For the FFA macular-centered single-shot images that were used to detect peripheral retinal hiatus, vascular leakage, neovascularization and no perfusion area, the Optos 200Tx was less likely to miss anomalies compared with the Spectralis at 55 and 102 degrees. Furthermore, the lesions may be treated by using a laser or other methods under the guidance of the Optos 200Tx FFA, as presented in Fig. 4.
In the representative images in Fig. 5, the images were taken for an FFA test, as a single shot with the macula as the center and the patient had diabetes for 10 years. A microangioma was detected in the inferior field using the Spectralis at 102 degrees, but nothing was detected using the Optos 200Tx.
Discussion
UWFA is a novel technology for retina examination, but its clinical application of it is not very extensive (17), as clinicians are currently not very familiar with it. Elucidation of the advantages and disadvantages of UWFA technology may allow for continuous enhancement of the clinical application of UWFA and may lead to an improved understanding of fundus diseases. The Optos 200Tx and Spectralis are the two most widely used devices in the clinic and the present study compared the imaging scope and characteristics of the two devices.
In the present study, the total imaging area and the imaging area of the four quadrants, namely superior, temporal, inferior and nasal, of the two devices were first compared. The results indicated that the total FFA imaging area and the area of the four quadrants of the Optos 200Tx were significantly larger than those of the Spectralis.

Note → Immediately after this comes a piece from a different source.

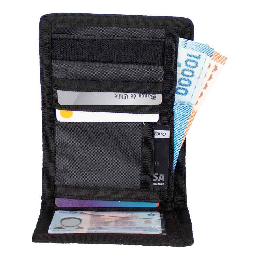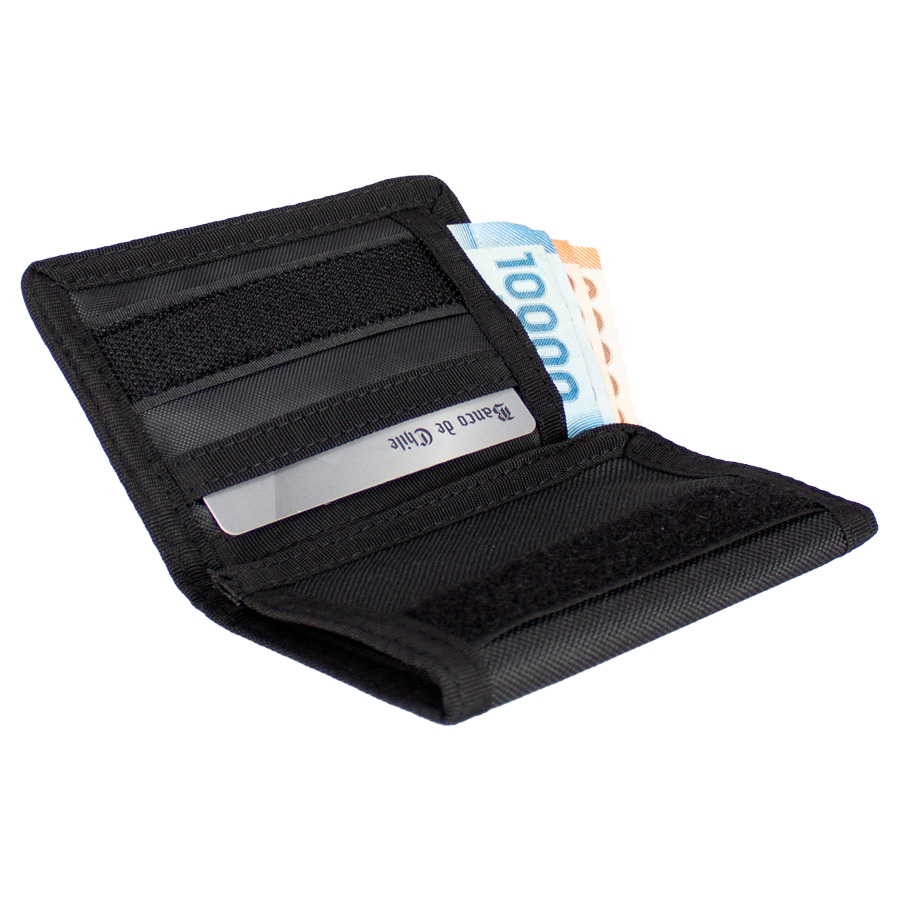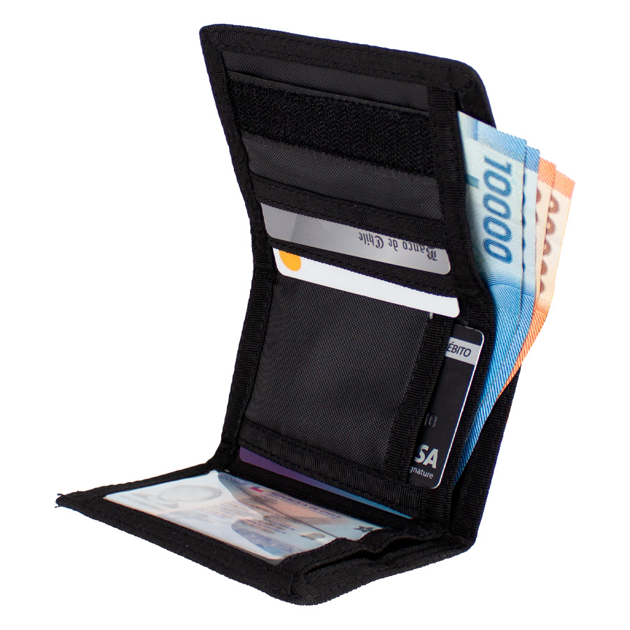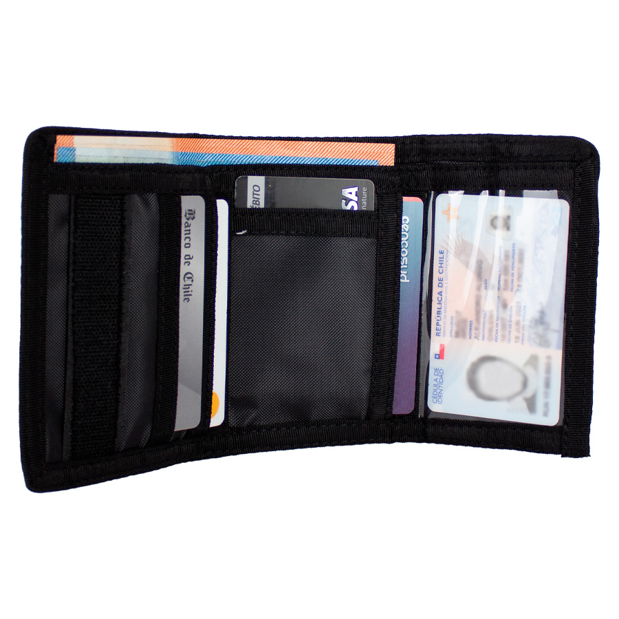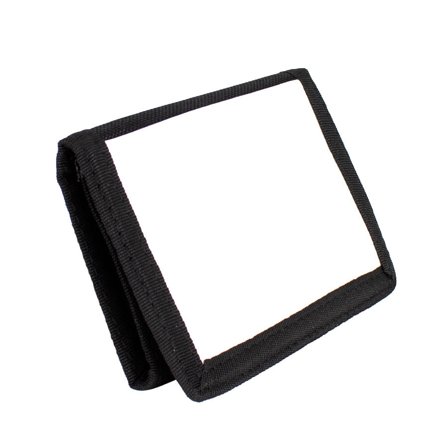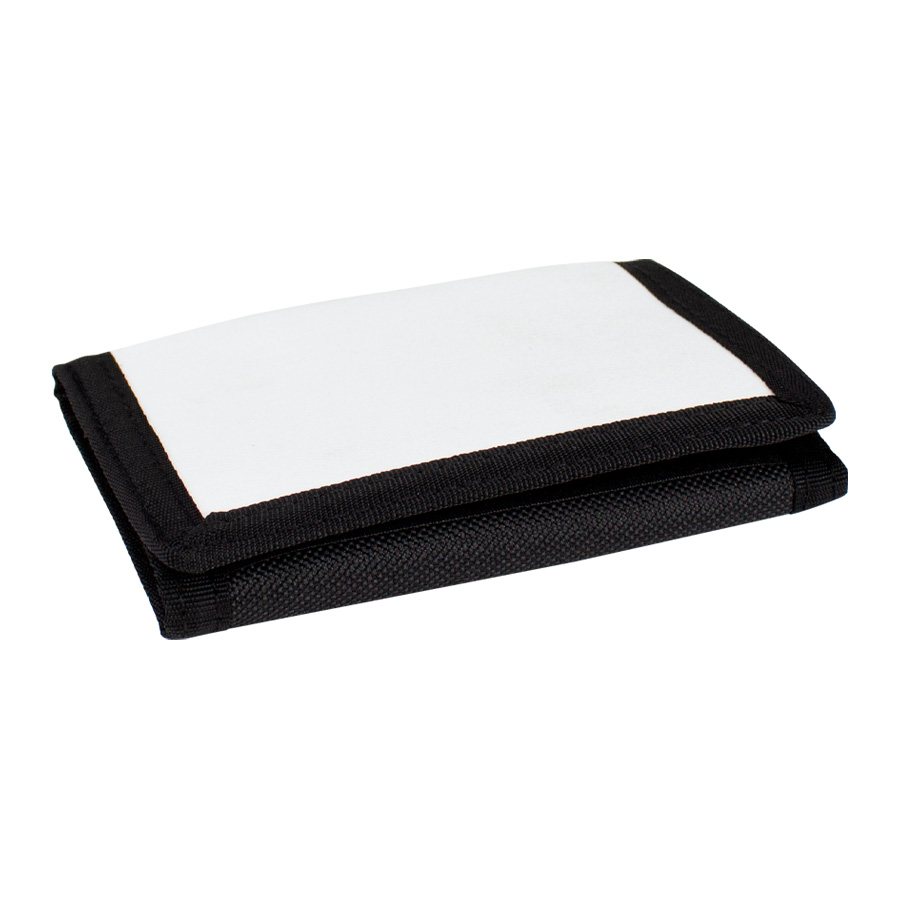 Billetera de nylon y poliéster color negro, con ventana de nylon blanco de 10.2 x 6.8 cm, para Sublimación. Presentación en bolsa PP translúcido.

In addition, intra-group comparisons of the four quadrant imaging areas (superior, temporal, inferior and nasal) of the two sets of equipment were performed in the present study. The results indicated that in the FFA images obtained from a macular-centered single shot, the inferior quadrant was the smallest, while the superior and the nasal quadrants were relatively large. It was speculated that this may be due to the eyelash occlusion in the inferior quadrant and the contraction of the orbicularis oculi muscle caused by strong light, while the upper eyelid is relatively relaxed and easy to move away, so the superior quadrant imaging is less affected. The comparison indicated that there was almost no significant difference in the imaging scope of the four quadrant radiography images of the Spectralis; only the difference between the superior and inferior was statistically significant. The possible reasons why the inferior quadrant imaging area was less than that of the superior quadrant were chiefly as follows: First, the small sample size may have led to a larger class I error; furthermore, all image peripheral deformations were corrected based on the Optos 3D first and the area was then measured and this may have introduced certain errors to the area measurement with the Spectralis. For the LSD analysis of the imaging area of quadrants of the Optos 200Tx, the pairwise comparisons revealed statistically significant differences except for superior vs. temporal. The nasal and temporal imaging areas were large and the superior and inferior areas were insufficient. The study by Witmer et al (14) from 2013 indicated that the retinal vascular imaging ranges of the nasal and temporal region of the Optos 200Tx were closer to the edge than those of the Spectralis, while the opposite was revealed for the superior and inferior fields in the same aforementioned study. In the present study, for the imaging area of each quadrant of the two systems, the inferior field was the smallest, followed by the temporal field. The Spectralis displayed the peripheral retina structure more completely in the superior field, while the Optos 200Tx better displayed the nasal and temporal areas. This was highly consistent with the conclusions of Witmer et al (14). In addition, in the present study, the images of the superior and inferior quadrants of the Optos 200Tx were frequently obscured by artifacts, eyelashes and eyelids.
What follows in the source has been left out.